Below are records. Transcribe exactly the lines from the one that contains "Workers climb a" through the last line, leaving any pictures out.

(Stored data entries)
------------------------------

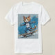 Cool cat on the move! This t-shirt features a fun and stylish illustration of a cat riding a skateboard, perfect for animal lovers and streetwear fans alike.
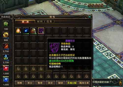 当您拥有15个巴尔的信物时,您可于每日12:00-24:00至8线天使之城或神圣庭院召唤撒旦之子巴尔,击杀其有机会获得屠魔凭证、100级神兵、屠魔声望水晶、海量经验奖励。
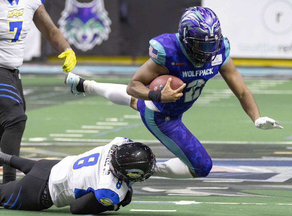 Washington Wolfpack's Ed Crouch Jr. leaps to try and escape a tackle by Nashville Kats' Derrick Maxwell Jr during the game on Thursday, April 17, 2025 in Everett, Washington. (Olivia Vanni / The Herald)
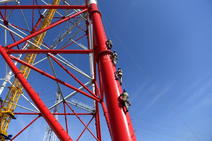 Workers climb a power transmission tower by the Yangtze River in Wuhu, east China's Anhui Province, Nov. 11, 2021. (Xinhua/Du Yu)
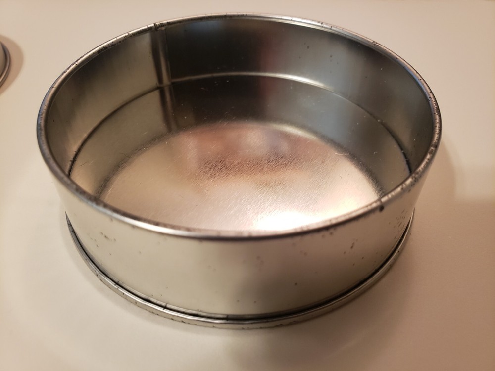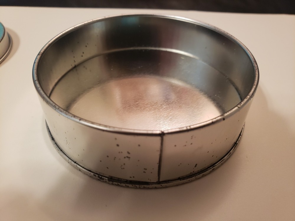 Never used, but there are spots/signs of age on the tin, possibly from moisture (see photos). The patches are in perfect like-new condition.
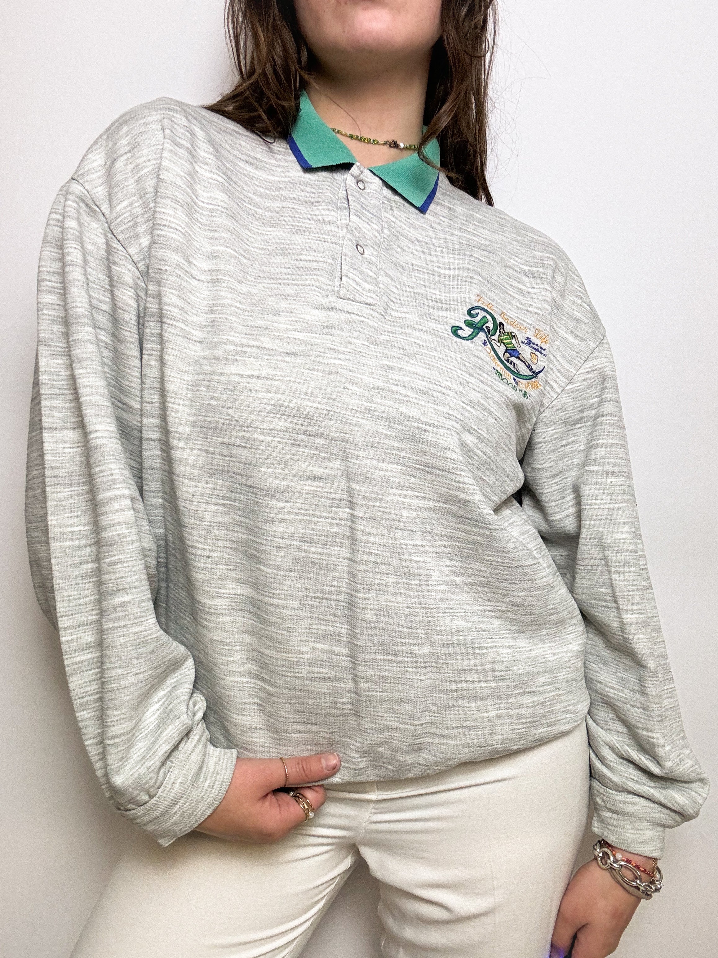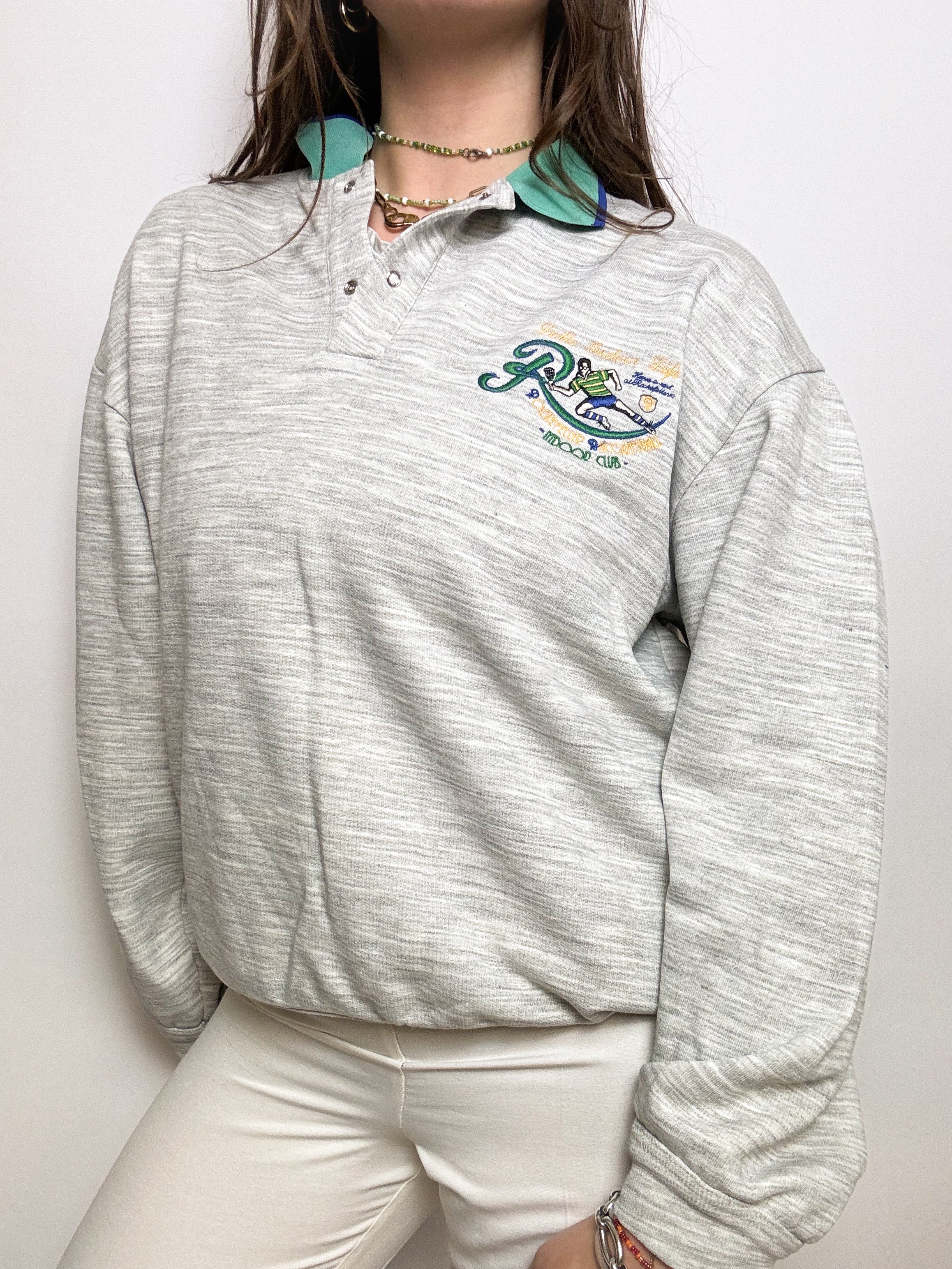 Pull gris à col vintage M

------------------------------

- Answer to this task
 Workers climb a power transmission tower by the Yangtze River in Wuhu, east China's Anhui Province, Nov. 11, 2021. (Xinhua/Du Yu)
 Never used, but there are spots/signs of age on the tin, possibly from moisture (see photos). The patches are in perfect like-new condition.
 Pull gris à col vintage M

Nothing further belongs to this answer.